暖阁内只点了三四根粗如儿臂的牛油烛,光线昏黄,将他们的影子长长地投在地砖上,微微晃动。
崇祯指了指御案下首早已备好的两张锦凳,语气平淡:
“坐。关起门来说话,不必拘那些虚礼。”
“谢皇爷(陛下)恩典。”
两人低声道谢,小心翼翼地侧身坐了半个屁股,腰背依旧挺直,目光垂地,等待着雷霆雨露。
暖阁内静得能听到烛花偶尔爆开的“噼啪”声,以及三人轻微的呼吸。
“辽东决战在即,”
崇祯开门见山,声音不高,每一个字都带着沉甸甸的分量,
“此一战,乃国运所系,乾坤扭转在此一举。前线将士即将披肝沥胆,浴血拼杀,朕,不容许后方有任何蛀虫硕鼠,动摇国本,涣散军心,更不容许有任何暗流,干扰了朕的决胜之势!”
魏忠贤闻言,低垂的眼帘下精光一闪。
曹化淳也是面色一肃,手下意识地握紧了膝盖。
崇祯起身,缓步踱到窗前,望着窗外的夜色:“这些年来,朕力行新政,编练新军,平定流寇,整顿吏治,清理了江南盐漕、查办了八大晋商,砍了一大批贪官污吏的脑袋,流了足够多的血。”
他忽然转身,目光射向二人:
“但有些积弊,盘根错节,深入骨髓;有些硕鼠,狡诈无比,隐藏极深。
以往,朕或需先稳定朝局,平衡各方;或需专注于练兵、拓土、安民,有些陈年旧账,未来得及彻底清算,有些新的蠹虫,或许又悄悄滋生。”
“但如今,大战在即,帝国需要将所有力量,纯净的力量,拧成一股绳!这些人,这些事,不能再留了!必须趁着这股决战前的雷霆之势,连根拔起,彻底涤荡!”

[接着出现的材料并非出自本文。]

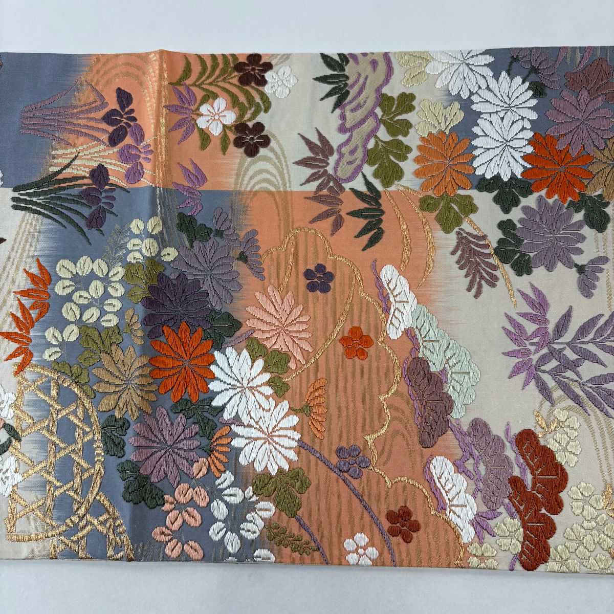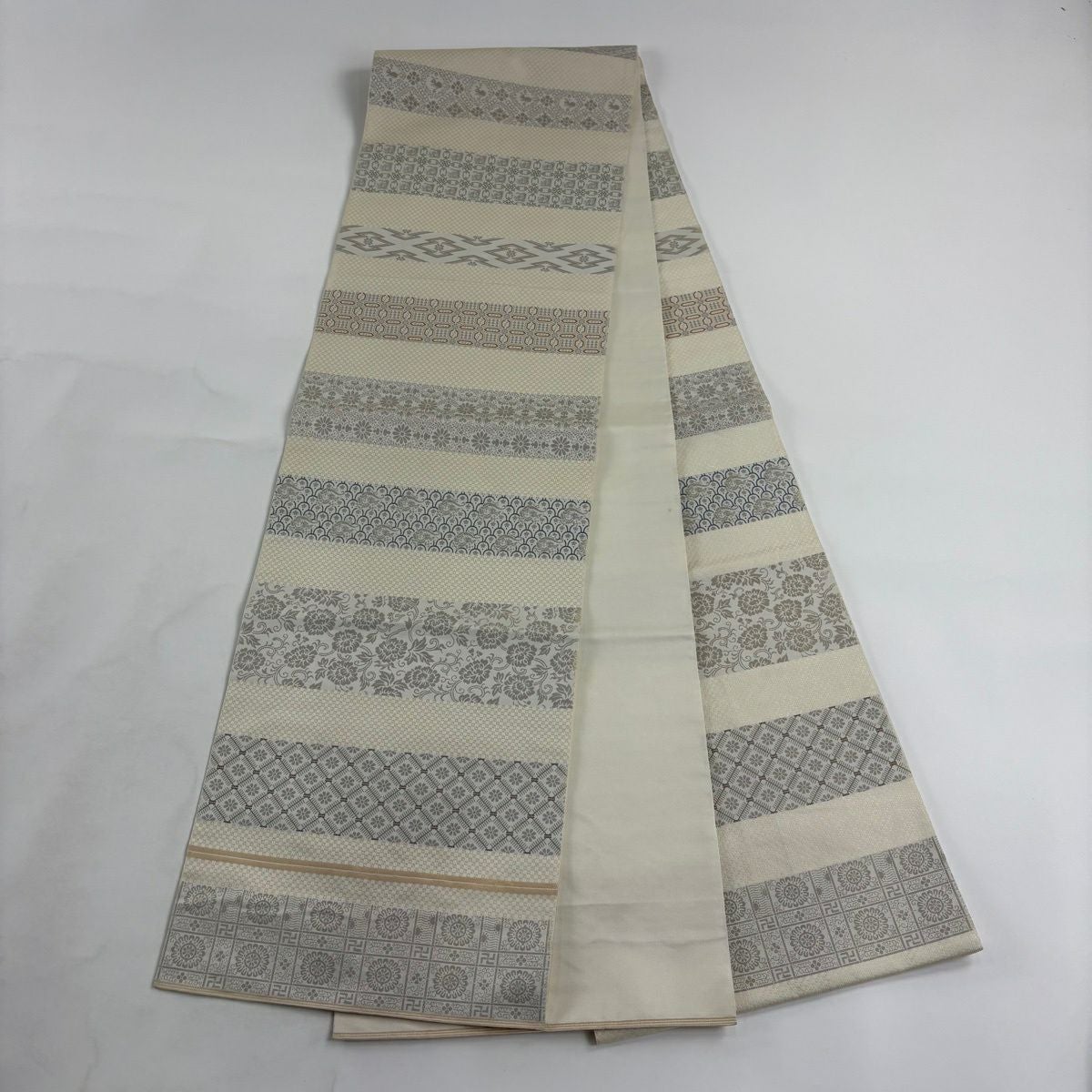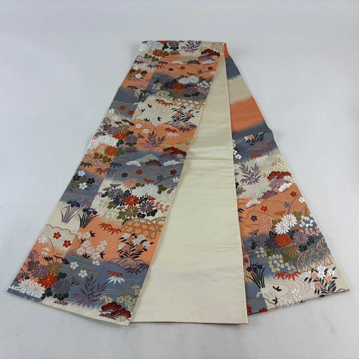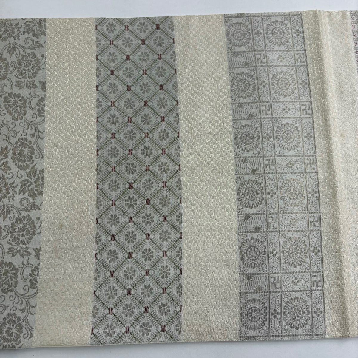 30%OFF 袋帯 秀品 川島織物 落款あり 関西仕立て 草花 段縞 箔 クリーム 全通 正絹 K30

魏忠贤和曹化淳只觉得一股寒气从尾椎骨升起,他们明白,皇帝这是要在挥出对外的重拳之前,先进行一次内部的、残酷而彻底的“清创”。
“魏伴伴,”
崇祯的目光首先锁定魏忠贤,“你久历内廷数十年,从惜薪司到司礼监,见惯了风雨,对京师这些勋贵、文武官员,尤其是他们台面下的那些勾当、那些见不得光的联系、那些贪婪的嘴脸,应该心里有本账。”
魏忠贤连忙微微欠身:“老奴惶恐,确有些风闻。”
“曹伴伴,”
崇祯又看向曹化淳,“你掌西厂时日虽不如魏伴伴久,但朕赋予你侦缉四方之权,对九边重镇,尤其是辽东那些将门、那些地方上的豪强势力的阴私勾当,想必也听到了不少风声。”
曹化淳肃容道:“陛下明鉴,奴婢确有所闻。”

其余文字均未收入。